Microsoft has open-sourced a text encoder named Glyph-ByT5-v2. This text encoder is highly functional, supporting the generation of exquisite images in over ten different languages. This feature provides great convenience for users from different linguistic backgrounds, allowing them to easily create images using it.
In addition, Microsoft has paired an SDXL model with this text encoder. This SDXL model performs exceptionally well, capable of directly generating Chinese posters and rich content. From the demonstration, the layout is very impressive, with professional and aesthetic choices in font selection, layout design, and color matching.

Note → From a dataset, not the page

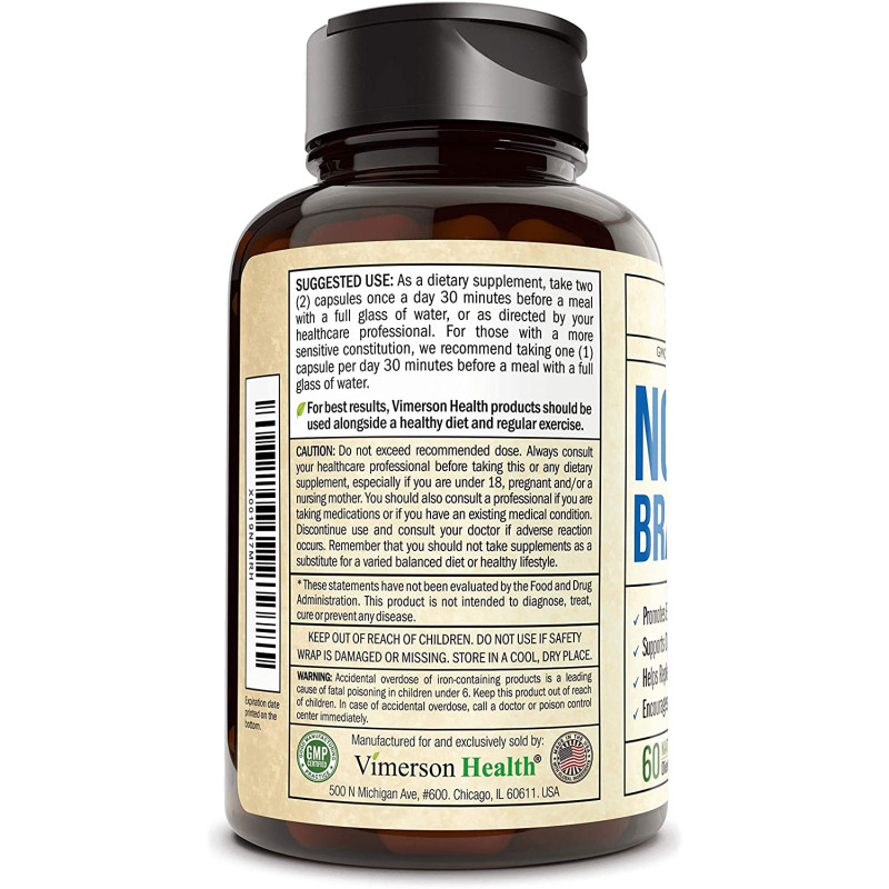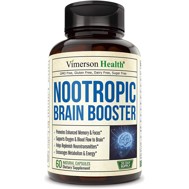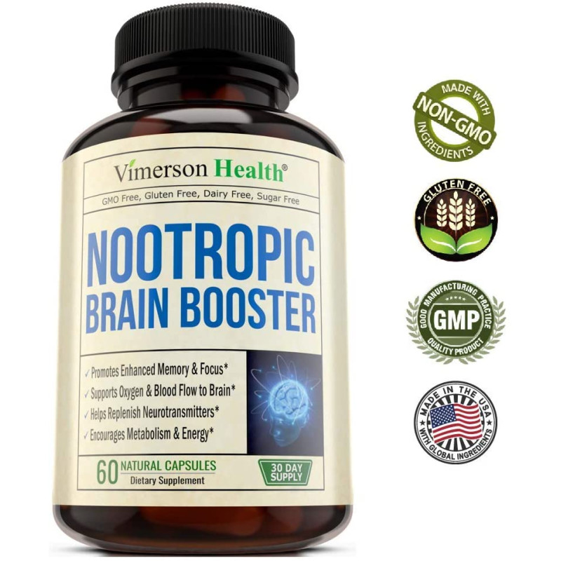 Nootropic Brain Booster by Vimerson Health may help heighten mental performance by sharpening your focus and intensifying your concentration.* Our supplement supports good blood circulation and oxygen flow to the brain, allowing for a more efficient transmission of essential nutrients.* Nootropic Brain Booster promotes memory retention, may help replenish neurotransmitters, and aids in boosting serotonin levels for a happier mood.*

During the development process, Microsoft created a high-quality multilingual character text and graphic design dataset. This dataset is massive, including over 1 million character text pairs and 10 million graphic design image text pairs. Moreover, it covers nine additional languages, providing abundant resources for research on character text and graphic design in a multilingual environment.
At the same time, Microsoft has also constructed a multilingual visual paragraph benchmark dataset. This dataset includes 1000 prompts, with 100 for each language. Its purpose is to evaluate the accuracy of multilingual visual spelling, providing an important benchmark for improving the quality of multilingual visual creation.
Technologically, Microsoft has adopted the latest step-aware preference learning method. This method effectively enhances the visual aesthetic quality, making the generated images and posters more visually appealing, with greater artistic and aesthetic value.